Bazıları, bir şeyi çok düşünürseniz, çok isterseniz, evren komplo kurar ve arzuladığınız şeyin yerine getirilmesini arar der. O pazartesi sabah 7: 30'da Ana otobüste oturup en sevdiği yazarın yeni kitabını okurken sihir gerçekleşti.
-Merhaba, böldüğüm için kusura bakma, elindeki kitabı nereden aldığını söyler misin? O yazarı seviyorum, bunun yaydığı son şey olduğunu biliyorum ve onu okumam gerekiyor! Andrea heyecanla dedi.
Ana biraz gerginleşti, o kadar ki Andrea'nın söylediklerini özümsemesi zordu, ama "el" kelimesini anladığından, onunkini gördü ve anladı.
-Kitap? Nerede? Ah evet! Bindiğimiz durağın köşesindeki büfeden aldım, hanımefendi çok cana yakın ve çok çeşitli. Çok okumayı sever misin? …
Konuşma, Ana'nın işine gidip Andrea'nın da kendi işine gitmesi gerekene kadar sürdü. Gerçek şu ki, o küçük diyalogdan bir rüya gerçek oldu ve bir otobüs dostluğu başladı.

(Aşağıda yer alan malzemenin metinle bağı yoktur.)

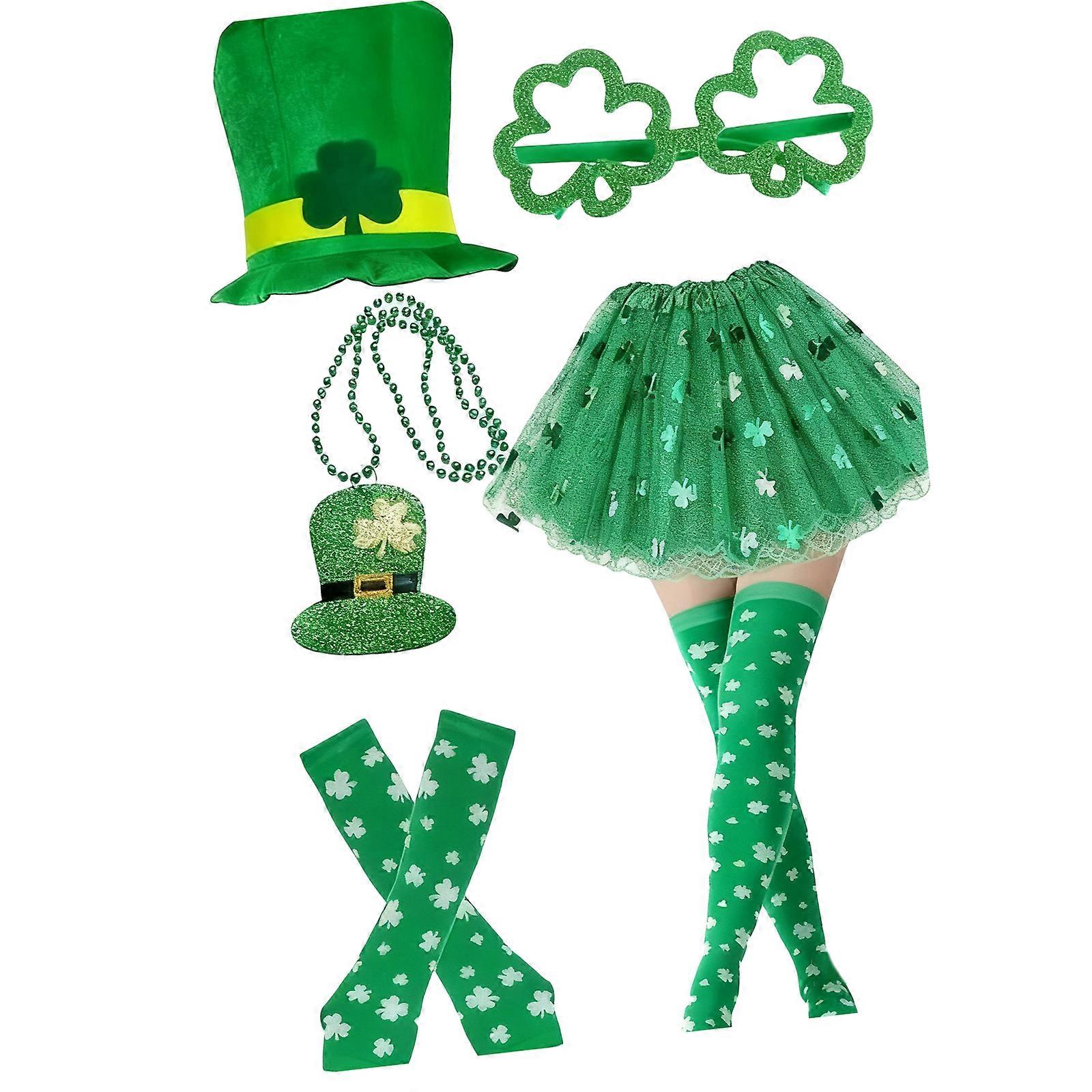 Complete Irish Holiday Outfit Shamrock Print Dress Matching Hat Necklace 7pcs Celebration Ensemble Costume Accessory Green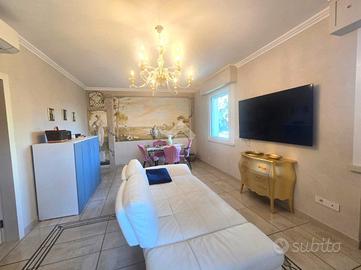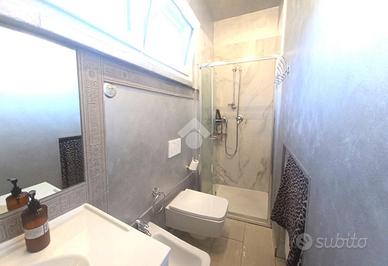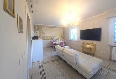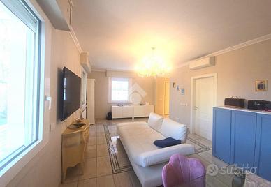VISERBA A pochi passi dal mare, porzione di bifamiliare al piano terra rialzato. L' immobile dispone di ingresso indipendente e di un ampia corte privata. Ingresso, soggiorno spazioso, due camere da letto e doppi servizi. Al piano seminterrato è presente una tavernetta con camino e cucina, perfetta per cene e serate conviviali. Ottime finiture. Posti auto nella corte.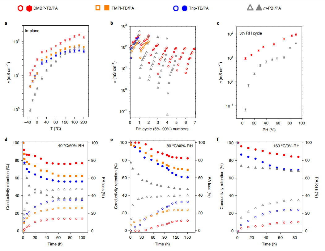 在-30°C~180°C的温度范围内,在不加湿的条件下,测量了PA掺杂膜的质子传导率(图3a)。DMBP-TB的电导率最高,这是由于其对PA的吸收率最高,而TMPI-TB/PA和Trip-TB/PA膜的质子电导率也高于m-PBI/PA,尽管它们的PA吸收率和ADL都较低。这表明TB基膜中固有的微孔结构可能有利于质子的传输。在180°C时,DMBP-TB膜的质子传导率最高,达到159 mS cm-1。更重要的是,本工作观察到TB基PEMs的低温质子电导率(从-30℃到0℃)优越,这些性质与低温燃料电池和冷启动密切相关。本工作认为,占据本征微孔的PA在较低温度下具有较高的质子电导率。对于DMBP-TB/PA膜,在-30℃时,该现象明显,表现出比m-PBI/PA (小于1 mS cm-1)高一个数量级的质子电导率(10 mS cm-1) (图3a),而且透过面电导率也有类似的变化趋势,这为实际燃料电池中膜性能的估算提供了更合适的依据。在较低温度和较高RH条件下(40℃/60% RH),m-PBI/PA膜的PA损失变得更加严重。m-PBI/PA的质子电导率和PA含量在100h评价期后均下降50%以上,DMBP-TB下降不到20%,TMPI-TB/PA和Trip-TB/PA膜下降了35~45%(图3d)。与QAPOH21相当的DMBP-TB/PA性能显著提高,进一步验证了具有适当微孔尺寸(R3)的亚纳米孔TB/PA超微孔膜可以减少PA的损失,并可在全温度范围内操作,提高耐水性。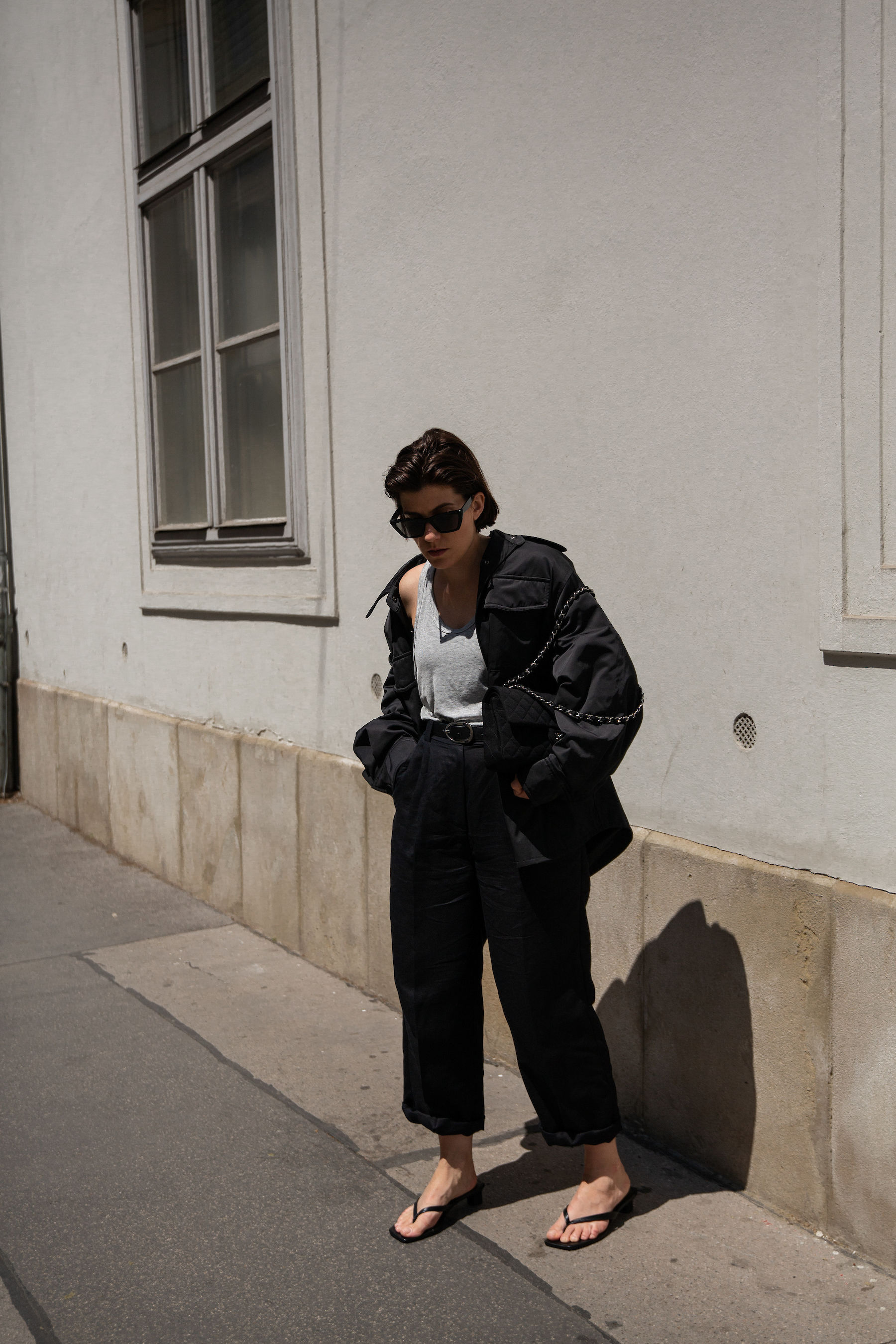 summer is not quite there yet, so this oversized jacket is my steady companion. the rest is airy linen, leather flip flops and a super soft tanktop.

Daha sonra ikisi birlikte ayrılıp dönmek için durakta buluştu. Sohbetler her zaman oldukça hoştu, hafif de olsa, hiç de derin değildi. Kitaplardan, piyasa fiyatlarından, otobüs şoförlerinin ne kadar kötü sürdüklerinden bahsettiler, hayatlarının ayrıntılarına hiç girmediler.

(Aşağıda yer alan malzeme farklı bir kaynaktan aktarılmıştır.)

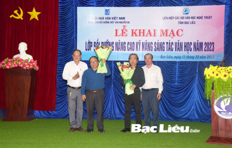 (BL-CT) Sáng 11/12, tại Khu lưu niệm nghệ thuật Đờn ca tài tử Nam Bộ và nhạc sĩ Cao Văn Lầu, Hội Nhà văn Việt Nam phối hợp với Liên hiệp các Hội Văn học - Nghệ thuật (VHNT) Bạc Liêu tổ chức khai giảng lớp bồi dưỡng nâng cao kỹ năng sáng tác văn học. Gần 40 học viên là hội viên các chi hội, phân hội thuộc Hội, Liên hiệp Hội VH-NT các tỉnh ĐBSCL dự học.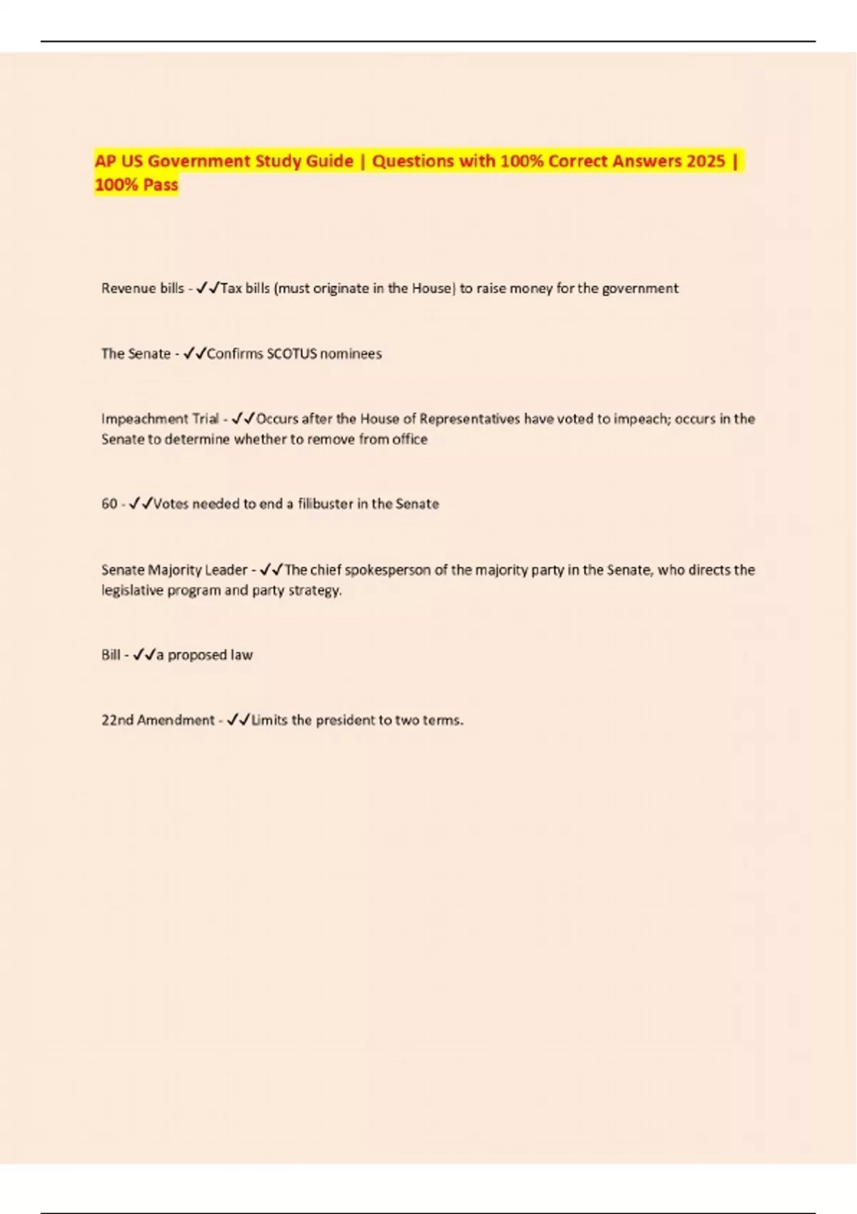 AP US Government Exam | Questions with 100% Correct Answers 2025 | 100% Pass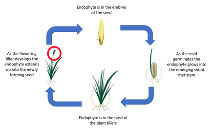 Figure 3. Schematic diagram of the asexual Epichloë endophytic life cycle in cool-season grasses of the Pooideae.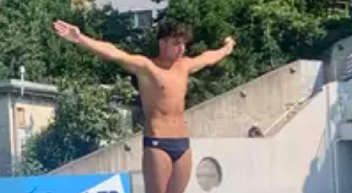 “Diciassette i partecipanti nella gara maschile da 1 metro. Per Ferraro nessun problema: ha passato l’eliminatoria con la terza posizione e 335.25 punti, inserendosi nel gruppo “virtuale” di atleti in lotta per il podio. Il 14enne cosentino sta ottenendo successi e grandi attenzioni sportive.”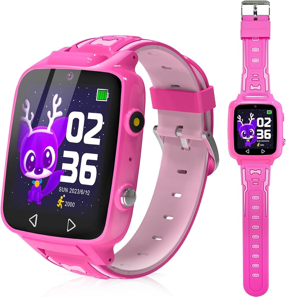 ساعة ذكية للأطفال للفتيات مع 25 لعبة ألغاز وكاميرا فيديو وآلة حاسبة عالية الدقة وشاشة تعمل باللمس وساعة منبه وعداد الخطى للأطفال وساعات هدايا عيد الميلاد للأطفال من سن 3 إلى 12 عامًا، باللون الوردي

Andrea, bu şekilde dostluğu sürdürmek isteyen kişiydi. Ana'nın yaklaşmak için gösterdiği büyük çabaları fark etti, bu yüzden otobüste ileri adımda o adımı attı ve yaklaştı, ama oraya.
Andrea zamanla genç kadının hayatında bir yer istediğini ve yakın bir arkadaş olmak istediğini fark etti, bundan hoşlanmadı ve her konuşmada mesafeyi işaretledi. Ana, birçok kez Andrea'ya olan ilgisizliği fark etti, ama ısrar etti çünkü arkadaşlığını yerine getirdi.

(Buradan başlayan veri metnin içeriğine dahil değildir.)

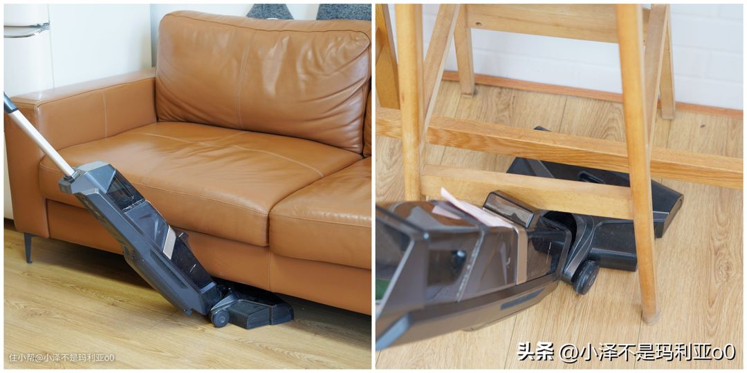 ▼我买洗地机其实就是为了摆脱传统拖把,结果买来后发现其实根本做不到。我家的喵主子平时是个缝就喜欢钻,因此我在用洗地机做完一遍全屋清洁后,床底,沙发底,餐边柜这些家具底下依然还得用拖把再拖一次,所以能躺倒这个技能点真的点到我心坎里了,如果你家里跟我一样也有很多低矮区域的话,这项功能绝对值得拥有。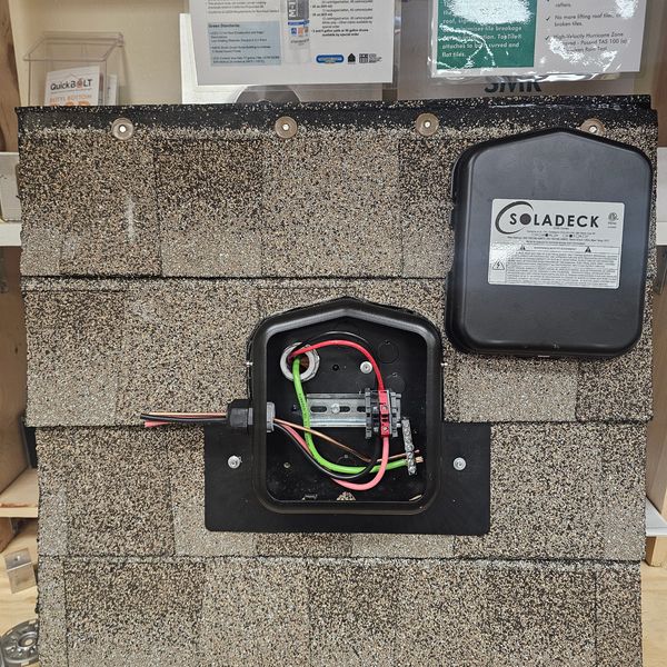 SOLADECK has been around as the leader in Solar Roof Junction Boxes for Years and they continue to grow with the industry, offering various Junction Box solutions, including deck mount and rail mount for your installations as well as din rails, terminals and weather tight weather-tight grommets & strain relief connects! Click the Tab Below and visit them On-Line and take a look at our training process in the Photo Gallery below as well!

Günlerin ve sohbetlerin geçmesiyle Andrea, Ana'yı sevmeye başladı, onda hoşlanmadığı bir şey vardı. Ana, Andrea'yı dünya kadını, kibar, zeki ve doğrudan bir kadın olarak görürken, Andrea, Ana'nın hayatta ne istediği hakkında hiçbir fikri olmayan şımarık bir kız olduğunu düşünüyordu.
Ana'nın iyi bir insan olduğunu düşündü, bundan şüphe etmedi, ama aynı zamanda onu oldukça sinirlendirdi ve arkadaşlığı işe gelmek için geçen otuz dakikayı ve diğer otuz dakikayı eğlendiren sohbetlerin ötesine taşıma arzusu da yoktu. geri.
Bu yüzeysel arkadaşlıkla yaklaşık bir yıl geçirdiler, Andrea bile istemeden ve istemeden Ana'ya işteki son gününün bir süre ev hanımı olmak için evde kalacağını ve kendini kendine adayacağını söyledi.
Ana panikledi, çünkü bu saatlik konuşma hayatında çok şey ifade ediyordu. Ayrıca, Andrea'nın bu sorudan büyük bir kurnazlıkla kaçınabildiğini fark etmiş olmasına rağmen, arkadaşının telefon numarasını bile bilmiyordu. Haber, işine konsantre olamayan Ana'nın kafasını kırdı.
Son derece önemli belgelerin üzerine iki fincan kahve döktü, sıradan hatalardan çok daha fazlasını yaptı ve hatta ismindeki bir harfi değiştirerek istemeden patronuna hakaret etti. Ertesi gün arkadaşını bir daha göremeyeceğinden başka bir şey düşünecek kafası yoktu.
Ana, Andrea'nın ona açılıp nihayet her zaman hayalini kurduğu derin ve gerçek dostluk bağını başlatması için her zaman vakti olacağını varsaymıştı.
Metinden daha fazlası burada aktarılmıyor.